Observation of magnon-mediated electric current drag at room temperature

Spin-based electronic devices such as magnetic memory and spin logic rely on spin information transport. Conduction electrons, due to their intrinsic spin angular momentum, become an obvious choice for spin information carriers. Here, we experimentally demonstrate that magnons, quasiparticles representing low-energy excitations of ferromagnetic materials, can serve as effective spin information carriers as well. Specifically, we consider two nonmagnetic heavy metals (HMs) that are separated by an electric leak-free ferrimagnetic insulator. When an electric current is applied in one of the HM layers, magnons in the ferrimagnetic insulator are excited and become an effective medium to couple the spin currents in two HMs. As a result, the charge/spin current in one HM layer can drag a charge/spin current in the other HM layer. This work provides a route for spin-based electronic devices where the spin transport is carried by quasiparticles other than electrons.

Figure 1

(a) A schematic illustration of the sample structure and the measurement method. An electric current $I_{\mathrm{b}}$ is applied along the $x$ axis in the bottom Pt layer, the magnetic field $H$ is applied along the $y$ axis, and the voltage $V_{\mathrm{t}}$ is measured along the $x$ axis in the top Pt layer. (b) The proposed spin transport processes in the Pt/YIG/Pt structure.

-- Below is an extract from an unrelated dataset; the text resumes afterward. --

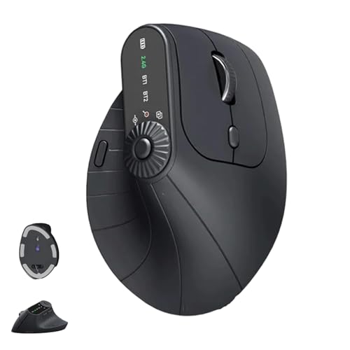 Générique Ergonomic Triple-Connect Wireless Mouse, Tri-Mode Wireless, Screen Display, Programmable Knob, Adjustable DPI 1000-2400, USB-C Recharge, Vertical Ergonomic Mouse (Black)
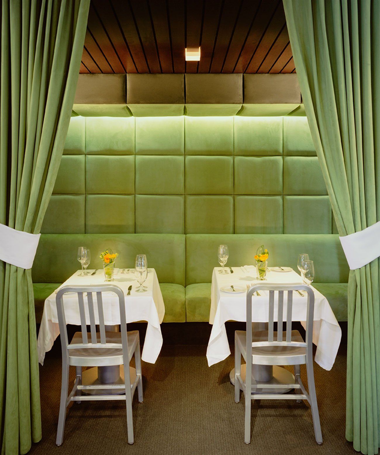 This entry structure creates a waiting lounge that functions as a decompression zone as one progresses from the sidewalk to the dining room. The interior walls, draperies, and seating are upholstered entirely in synthetic suede, and a rich dark wood is used at the ceiling, the bar area, and for various furnishings throughout. All the elements work together to create an ambience that is elegant, subdued, and intimate.

The spin current is generated by the charge current in the bottom Pt layer via the spin Hall effect (SHE), resulting in a spin accumulation at the bottom Pt/YIG interface. Subsequently, the magnon current excited by the spin accumulation diffuses from the bottom to the top interface, and then converts back to the electron spin current in the top Pt layer. Finally, the spin current in the top Pt is detected by the voltage via the inverse spin Hall effect (ISHE). (c) and (d) The cross-sectional transmission electron microscopy (TEM) image of the Pt(10)/YIG(100)/Pt(10) (thickness in nanometers) multilayer and the cross-sectional high resolution TEM (HRTEM) image of the Pt/YIG interface, respectively.

Figure 2

(a) $V_{\mathrm{t}}/R_{\mathrm{t}}-I_{\mathrm{b}}$ characteristics measured in Pt/YIG/Pt, Cu/YIG/Pt, and Pt/YIG/Cu samples. A 1 kOe magnetic field is applied along the $y$ direction during the measurement. (b) Temperature-dependent $V_{\mathrm{t}}/R_{\mathrm{t}}-I_{\mathrm{b}}$ curves of the Pt/YIG/Pt sample. A 1 kOe magnetic field is applied along the $y$ direction during the measurement. (c) The magnetic field dependence of the magnon drag voltage in Pt/YIG/Pt and the spin Seebeck voltage in Cu/YIG/Pt, which are in accordance with the magnetic properties of YIG as shown in the $M-H$ loop.

Figure 3

Top: The definition of the angular $\alpha , \beta$, and $\gamma$ in this figure. A 3 kOe constant magnitude of the magnetic field is applied to saturate the magnetic moment $\mathit{M}$ during the sample rotation. (a) The magnetization direction dependence of the magnon drag voltage in Pt/YIG/Pt. A 10 mA electric current is applied in the bottom Pt layer, and the voltage is measured in the top Pt layer. (b) The magnetization direction dependence of the spin Seebeck voltage in Cu/YIG/Pt. The electric current applied in the bottom Cu is 20 mA, and the voltage is measured in the top Pt layer.

Figure 4

(a) $V_{\mathrm{t}}/R_{\mathrm{t}}-I_{\mathrm{b}}$ curves of Pt(10)/YIG(t)/Pt(10) samples with different thicknesses ($t=40$, 60, 80, 100 nm) of YIG. A 1 kOe magnetic field is applied along the $y$ direction during the measurement. (b) The YIG thickness dependence of the electrical drag coefficient $a$, while the open squares show the measured data, and the red line shows the fitting curve $a=a_0{e}^{-t/l_{\mathrm{m}}}$. (c) The magnetization direction dependence of the magnon drag voltage in Pt/YIG/Pt samples with different thicknesses of YIG. A 10 mA electric current is applied in the bottom Pt layer, and the voltage is measured in the top Pt layer. A 3 kOe constant magnitude of the magnetic field is applied to saturate the magnetic moment $\mathit{M}$ during the sample rotation.